6. A rewrite system (3)
7. Document grammars
Origin: pragmatic, not theoretical; partial post hoc
alignment with formal language theory.
Formal specification of validity conditions → automated validation.
Er, ah, partial formal specification of validity conditions → partial automated validation.
Distinction between
- document type definition (DTD) and
- “set of effective formal declarations”
→ division of labor.
10. Uses of document grammars
Document grammars may have several uses:
- in the struggle against dirty data
- as documentation of a contract between data provider and data consumer
- as documentation of the content of data flows
- as specification of client/server protocols
Limericks and canzone:
<!ELEMENT poem (haiku | limerick | canzone) >
<!ELEMENT haiku (l, l, l) >
<!ELEMENT limerick (trimeter, trimeter,
dimeter, dimeter,
trimeter)>
<!ELEMENT trimeter (#PCDATA)>
<!ELEMENT dimeter (#PCDATA)>
<!ELEMENT canzone (stanza+) >
<!ELEMENT stanza (aufgesang, abgesang) >
<!ELEMENT aufgesang (stollen, stollen) >
<!ELEMENT stollen (l+) >
<!ELEMENT abgesang (l+) >
<!ELEMENT l (#PCDATA) >
12. A haiku
<haiku>
<l>Summer grasses —</l>
<l>all that's left</l>
<l>of warriors' dreams.</l>
</haiku>
13. A limerick (Edward Lear)
<limerick>
<trimeter>
There was an Old Man of Peru,
</trimeter>
<trimeter>
who watched his wife making a stew;
</trimeter>
<dimeter>But once by mistake,</dimeter>
<dimeter>In a stove she did bake,</dimeter>
<trimeter>
That unfortunate Man of Peru.
</trimeter>
</limerick>
14. A canzone
<canzone>
<stanza>
<aufgesang>
<stollen>
<l>unter den linden an der heide</l>
<l>da unser zweier bette was</l>
</stollen>
<stollen>
<l>da mugt ir vinden schone beide</l>
<l>gebrochen bluomen unde gras</l>
</stollen>
</aufgesang>
<abgesang>
<l>kuste er mich? wol tusentstunt</l>
<l>tandaradei</l>
<l>seht wie rot mir ist der munt</l>
</abgesang>
</stanza>
</canzone>
15. Note on the canzone DTD
- All the non-terminals in the grammar show up as tags.

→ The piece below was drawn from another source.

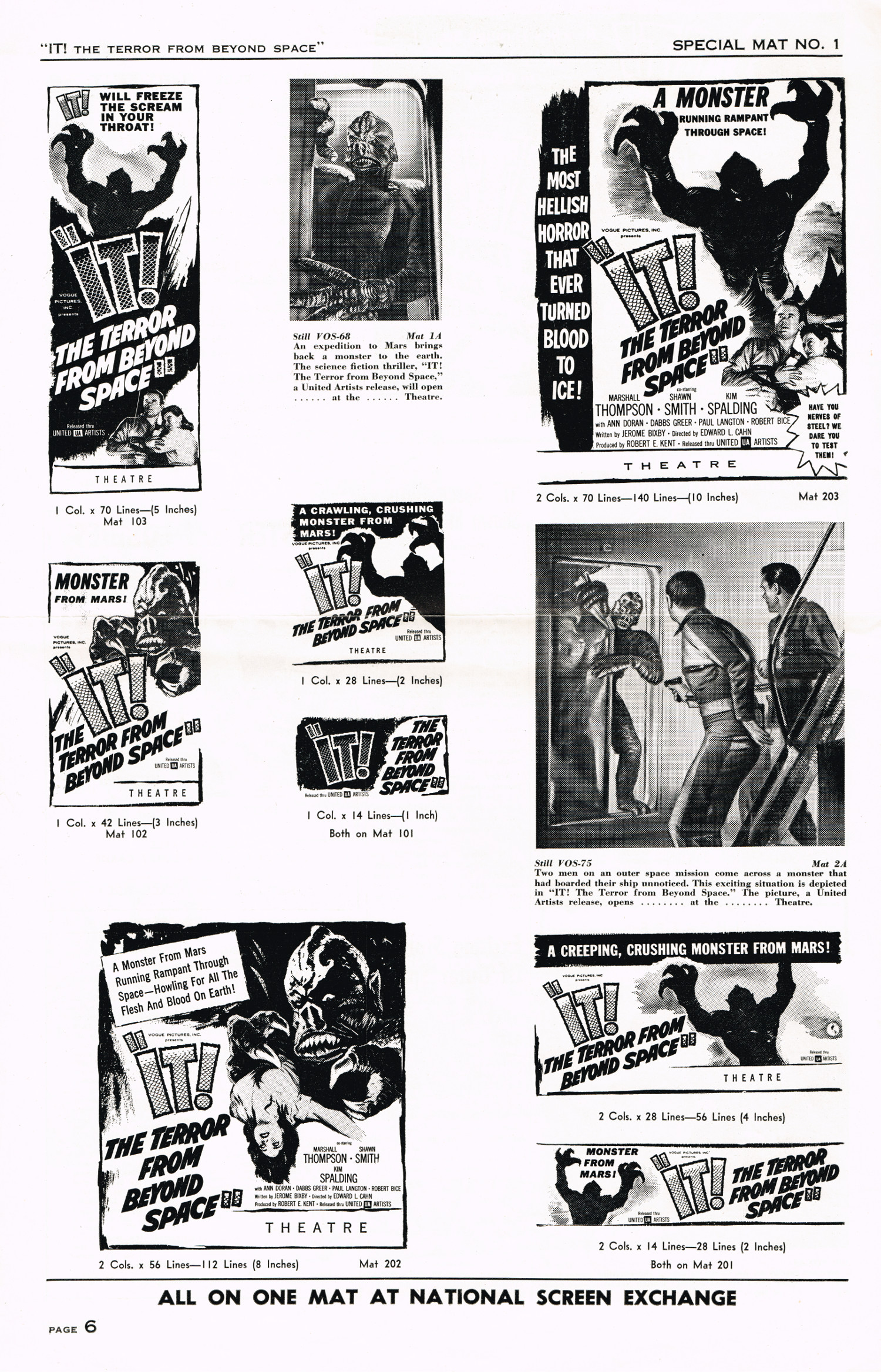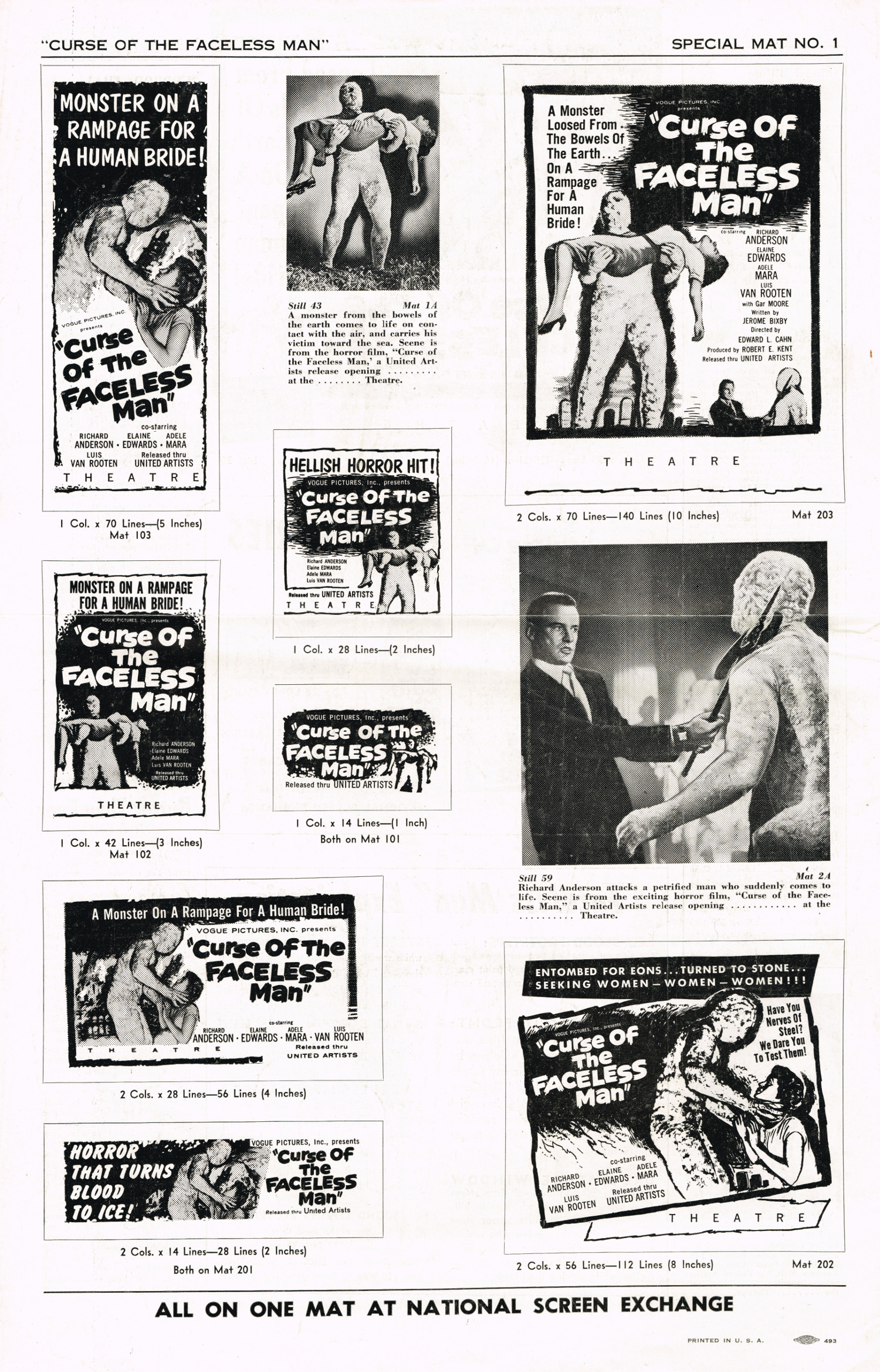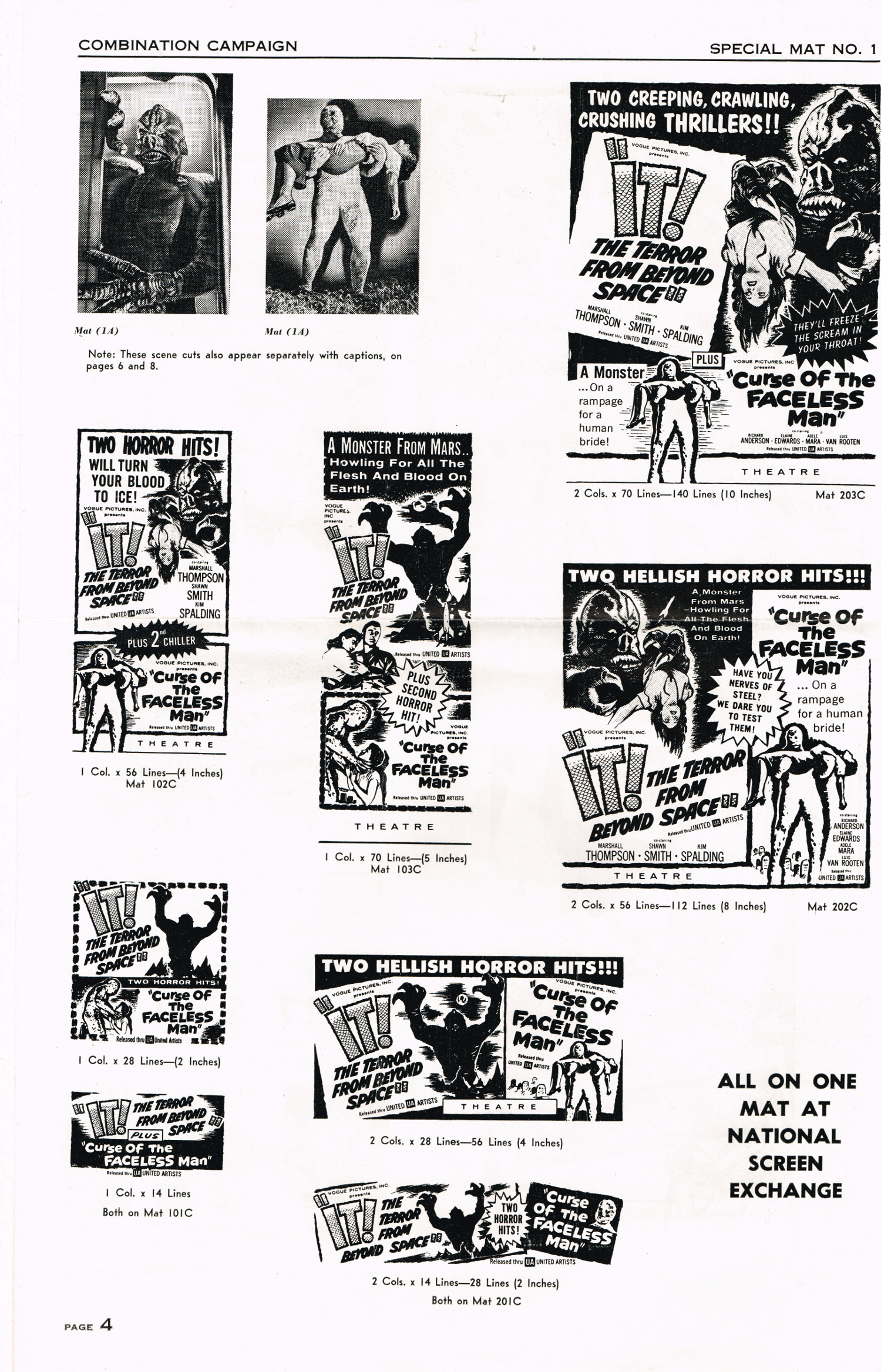 Double Bill Pressbook: IT! The Terror From Beyond Space and Curse of the Faceless Man Leave a Comment / Pressbooks (Horror, Sci Fi, Fantasy) / By JM Cozzoli Two of my favorite horror movies with all the 1950s matinee flair you could muster. I would love to see this on a midnight double bill with a Three Stooges short.Like this:Like Loading... Share this post Facebook Twitter Pinterest Linkedin

(Changeable within limits.)
- The two Stollen must have same number of
lines; this rule is not expressed.
- The Abgesang must have more lines than a
Stollen, fewer than Aufgesang; this rule is not expressed.
- Within a song, each stanza is metrically identical;
this rule is not expressed.
16. XML Schema
A W3C* Recommendation*.
Design space:
- DTD++, DTD--
- instance syntax
- supporting programming-language and database-oriented
types
- design problems
17. The canzone schema v.1
In version 1 of this schema, we imitate the DTD slavishly.
At the outer level is a
schema element:
<xsd:schema
xmlns:xsd="http://www.w3.org/2001/XMLSchema">
<!--* element declarations go here *-->
</xsd:schema>
N.B. the schema does not identify
a document-root element / start symbol.
18. Declaring elements
<xsd:element name="canzone">
<xsd:complexType>
<xsd:sequence maxOccurs="unbounded">
<xsd:element ref="stanza"/>
</xsd:sequence>
</xsd:complexType>
</xsd:element>
<xsd:element name="stanza">
<xsd:complexType>
<xsd:sequence>
<xsd:element ref="aufgesang"/>
<xsd:element ref="abgesang"/>
</xsd:sequence>
</xsd:complexType>
</xsd:element>
<xsd:element name="aufgesang">
<xsd:complexType>
<xsd:sequence>
<xsd:element ref="stollen"/>
<xsd:element ref="stollen"/>
</xsd:sequence>
</xsd:complexType>
</xsd:element>
19. Declaring elements
Note difference between element declaration (outer)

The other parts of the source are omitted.